A chocolate-themed blog

As we’re approaching the Easter weekend, I thought I’d write my blog this week on what, to me, is the most important aspect of the holiday: chocolate.

Chocolate has invaded our lives lately (not that we’re complaining). Recently we girls in the office were lucky enough to each receive a free, and very large, bar of Dairy Milk, thanks to the boys from the Quarantine Productions office downstairs, who seem to be getting paid in chocolate for their work on an upcoming Cadbury’s promotion (more on this another day as I play a small part in it…). And the media’s latest food story has centred around the rather tenuous claim, ‘Chocolate may help keep people slim‘.

Inevitably, my thoughts turned to chocolate in the world of literature.
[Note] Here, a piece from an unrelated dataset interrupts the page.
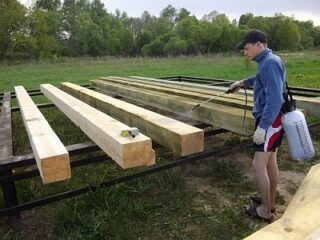 - Les poutres de plancher doivent être recouvertes de produits ignifuges ou d'un autre produit d'imprégnation. Les bords du bois nécessitent un traitement soigneux. Appliquer 2-3 couches d'apprêt.

It seemed an odd topic at first, but the more I thought about it, the more I realised that it makes an appearance in many books. The most obvious is of course Roald Dahl’s Charlie and the Chocolate Factory, where chocolate appears as a delicious (and potentially sinister) temptation. Another popular children’s author also seems to have an obsession with chocolate – J.K. Rowling, anyone? In Harry Potter we not only encounter leaping Chocolate Frogs, but chocolate also helps to fend off the soul-chilling effects of the Dementors. (I’ll stop there, before I reveal just how much I know about Harry Potter. I can’t help it – I’m of the Potter generation!)  And chocolate again takes on a magical quality in books like Joanne Harris’s Chocolat and Laura Esquivel’s Like Water for Chocolate. Both of these books are of the magical realist genre – where everyday life is imbued with the strange and supernatural  – and chocolate seems to be the focal point of their magic.

So as you tuck into your Easter egg this weekend, make sure you savour it – some of our best authors claim it as our most magical food! And keep reading the title of the above BBC article, so you don’t feel too guilty about it.